¹H NMR (500 MHz, DMSO-d₆) δ 8.57 (d, J = 8.5 Hz, 1H, H9), 8.51 (s, 1H, H3), 8.10 (dd, J = 7.7, 1.4 Hz, 1H, H6), 7.86 (t, J = 7.9 Hz, 1H, H8), 7.80 (t, J = 7.3 Hz, 1H, H7), 7.76–7.67 (m, 3H, H4, H5, H4-2,6-diisopropylphenyl), 7.56 (d, J = 7.9 Hz, 2H, H3,H5-2,6-diisopropylphenyl), 3.03 (s, 3H, CH₃-imidazole), 2.28 (hept, J = 6.8 Hz, 2H, CH-isopropyl), 1.13 (d, J = 6.8 Hz, 6H, CH₃-isopropyl), 1.11 (d, J = 6.9 Hz, 6H, CH₃-isopropyl). ¹H NMR (500 MHz, MeOD) δ 8.63 (d, J = 8.6 Hz, 1H, H9), 8.30 (s, 1H, H3), 8.05 (d, J = 7.7 Hz, 1H, H6), 7.89 (t, J = 7.7 Hz, 1H, H8), 7.80 (t, J = 7.5 Hz, 1H, H7), 7.77–7.69 (m, 2H, H5, H4-2,6-diisopropylphenyl), 7.66 (d, J = 9.6 Hz, 1H, H4), 7.57 (d, J = 7.8 Hz, 2H, H3, H5-2,6-diisopropylphenyl), 3.14 (s, 3H, CH₃-imidazole), 2.28 (d, J = 6.8 Hz, 2H, CH-isopropyl), 1.24 (d, J = 6.8 Hz, 6H, CH₃-isopropyl), 1.21 (d, J = 6.8 Hz, 6H, CH₃-isopropyl). ¹³C NMR (126 MHz, DMSO-d₆) δ 145.96 (⁴C2, ⁴C6-2,6-diisopropylphenyl), 140.86 (⁴C1-CH₃), 132.48 (C4-2,6-diisopropylphenyl), 132.04 (⁴C9a), 130.20 (⁴C1-2,6-diisopropylphenyl), 130.17 (C8), 130.06 (C6), 129.47 (⁴C3a), 128.77 (C7), 127.32 (C5), 126.22 (⁴C5a), 125.48 (C3, C5-2,6-diisopropylphenyl), 119.55 (C9), 116.38 (C3), 115.95 (C4), 28.08 (CH-isopropyl), 25.01 (CH₃-isopropyl), 23.57 (CH₃-isopropyl), 15.16 (CH₃-imidazole).
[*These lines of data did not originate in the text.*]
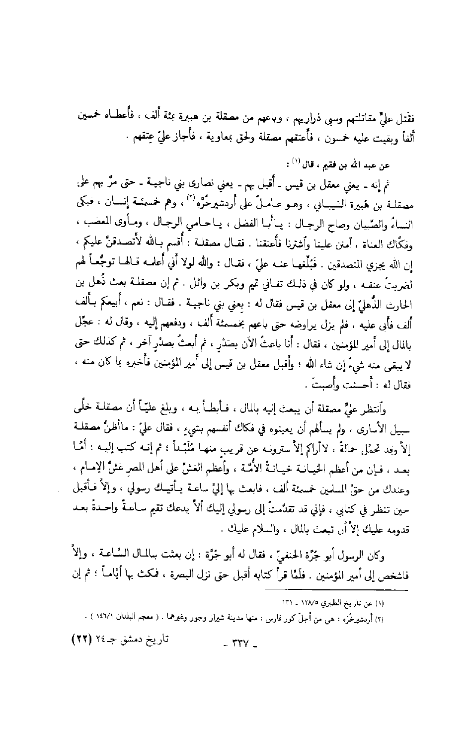 ثم إنه - يعني معقل بن قيس - أقبل بهم - يعني نصارى بني ناجية - حتى مر بهم على مصقلة بن هبيرة الشيباني، وهو عامل أردشيرخره، وهم خمسمئة إنسان، فبكى النساء والصبيان وصاح الرجال: يا أبا الفضل، يا حامي الرجال، ومأوى المعضب، وفكاك العناة، امنن علينا واشترنا فأعتقنا. فقال مصقلة: أقسم بالله لاأتصدقن عليكم، إن الله يجزي المتصدقين. فبلغها عنه علي، فقال: والله لولا أني أعلمه قالها توجعاً لهم لضربت عنقه، ولو كان في ذلك تفاني تميم وبكر بن وائل. ثم إن مصقلة بعث ذهل بن الحارث الذهلي إلى معقل بن قيس فقال له: بعني بني ناجية. فقال: نعم، أبيعكم بألف ألف فأبى عليه، فلم يزل يراوضه حتى باعهم بخمسمئة ألف، ودفعهم إليه، وقال له: عجل بالمال فأبى عليه، فلم يزل يراوضه حتى باعهم بخمسمئة ألف، ودفعهم إليه، وقال له: عجل بالمال إلى أمير المؤمنين، فقال: أنا باعث الآن بصدر، ثم أعث بصدر آخر، ثم كذلك حتىلا بقى منه شيء إن شاء الله؛ وأقبل معقل بن قيس إلى أمير المؤمنين فأخبره بما كان منه، فقال له: أحسنت وأصبت.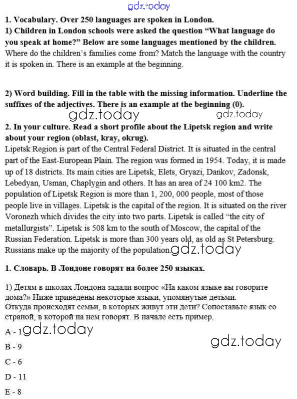 Ответы к Решение к Unit 1. My country at a glance урок 1 Рабочей тетради по Английскому языку для 8 класса Кузовлев, Перегудова Просвещение 2014
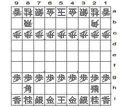 У каждой стороны есть один король, одна ладья, один слон, два золотых генерала, два серебряных генерала, два коня, два копья и девять пешек. В крайнем ряду, рядом с копьями располагаются кони. Рядом с конями – серебряные генералы. Рядом с серебряными генералами – золотые генералы. В центре, между двумя золотыми генералами находится король. На втором ряду – только две фигуры. Перед конем с левой стороны находится слон. Перед конем с правой стороны – ладья. В третьем ряду расположены девять пешек.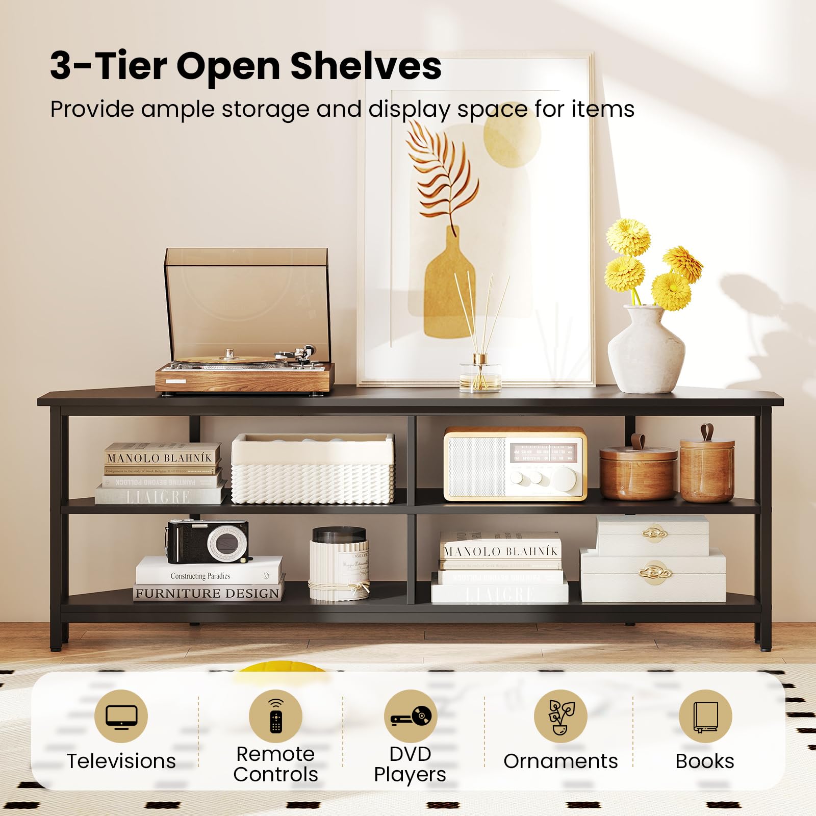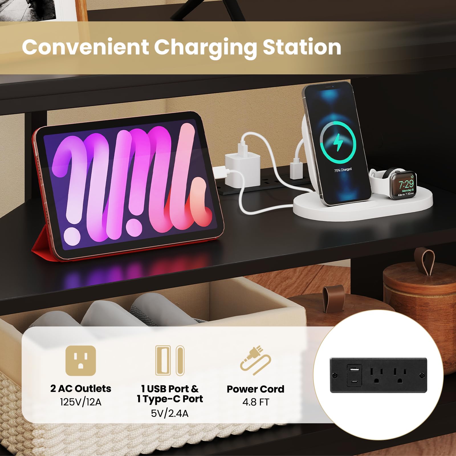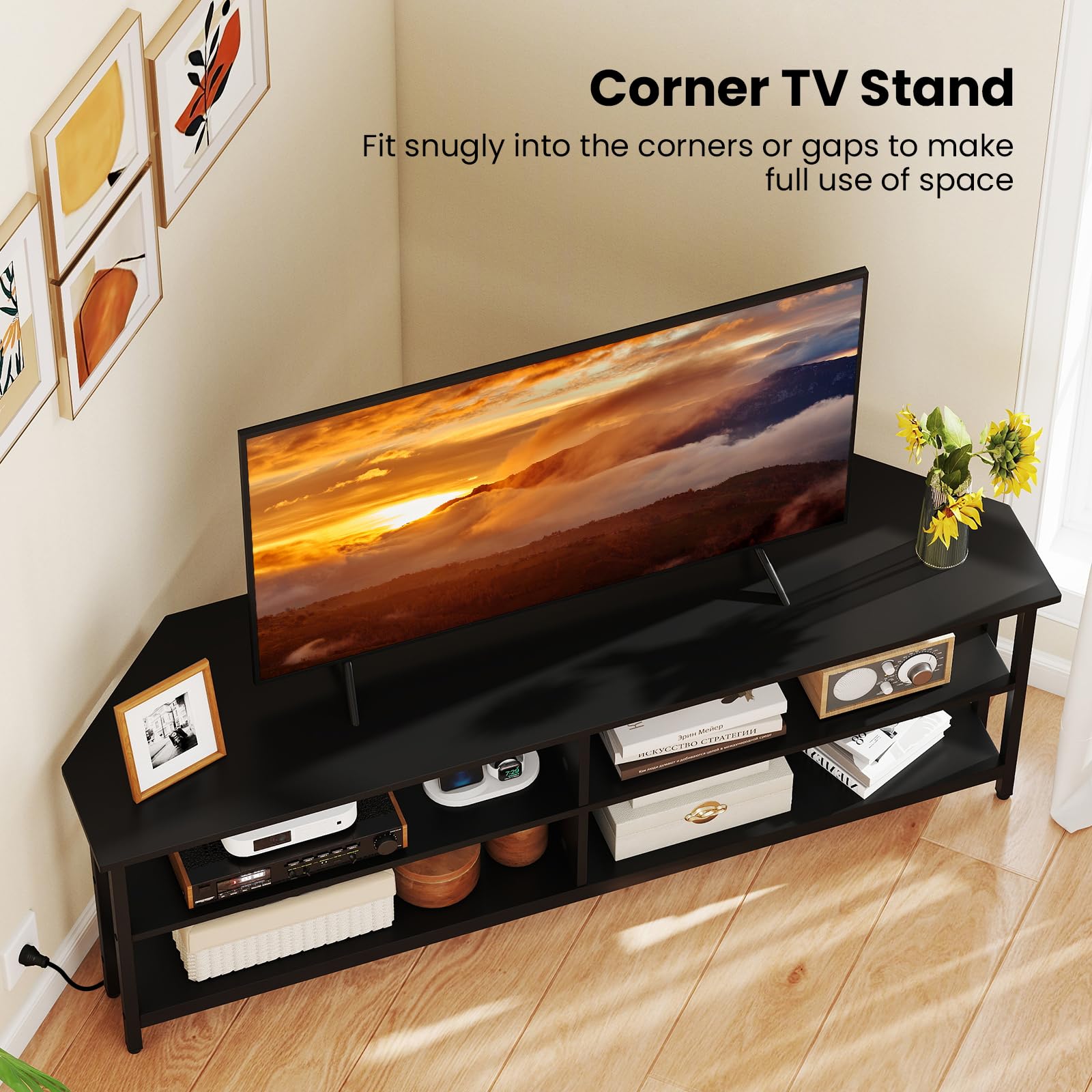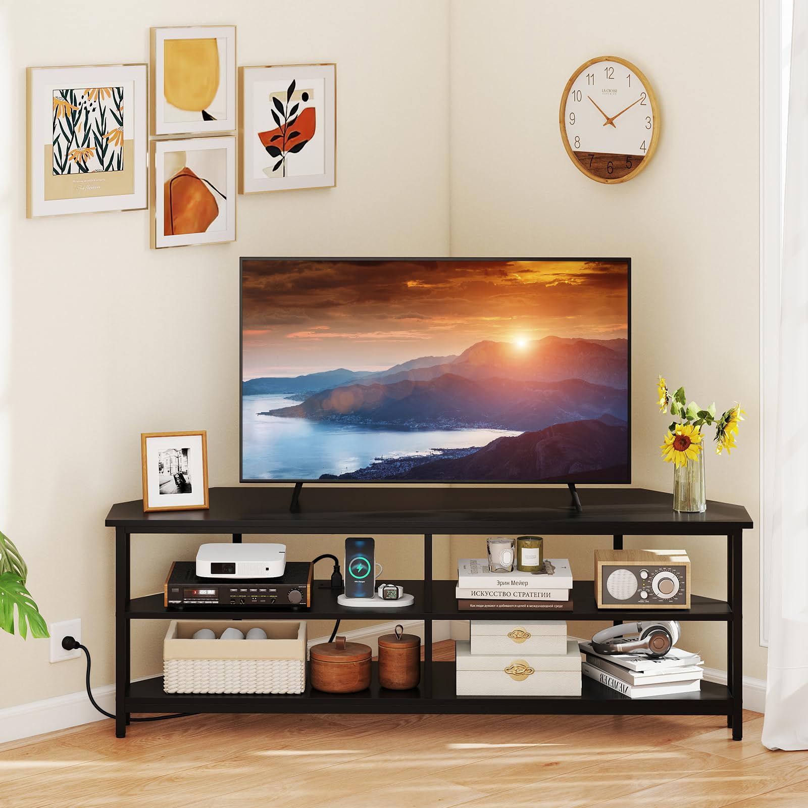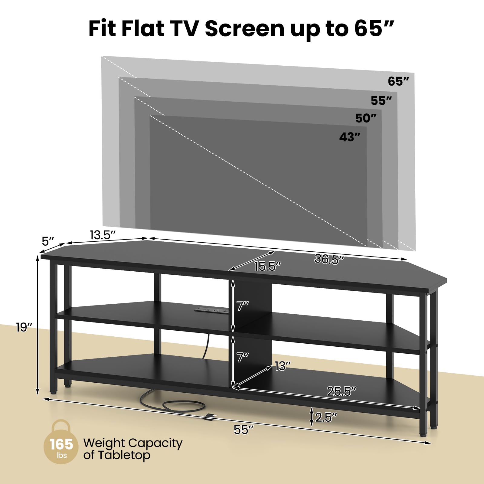 Elevate your home setup with this corner TV stand, designed to accommodate TVs up to 65". Tired of low battery or tangled wires? The built-in charging station allows you to keep your electronics powered up and ready to use. For storage convenience, this TV cabinet features 3-tier shelving, providing generous space to organize media items. Constructed with a robust metal frame, this media console table ensures durability and stability while supporting your television securely. This modern cabinet is designed to bring practicality and style to your daily entertainment routine.

HRMS (ESI) m/z calculated for [M-BF₄+H]⁺ 343.21739, found 343.21633 (ppm: 3.10). IR (nujol): ν = 3120, 1645, 1610, 1597, 1568, 1423, 1049, 1030 cm⁻¹ (see Figure S46).

4. Conclusions

A new methyl-substituted imidazoquinolinium salt was prepared and studied via ¹H, ¹³C, 2D-NMR, IR, UV, and fluorescence spectroscopies and mass spectrometry. Its optical properties in methanol and acetonitrile are very similar as in both solvents, the longest wavelength maxima in the UV spectrum is at 315 nm. Although the synthesized imidazoquinolinium salt possesses planar-conjugated fragments, it emits in the UV region at 358 nm, and thus it is non-fluorescent.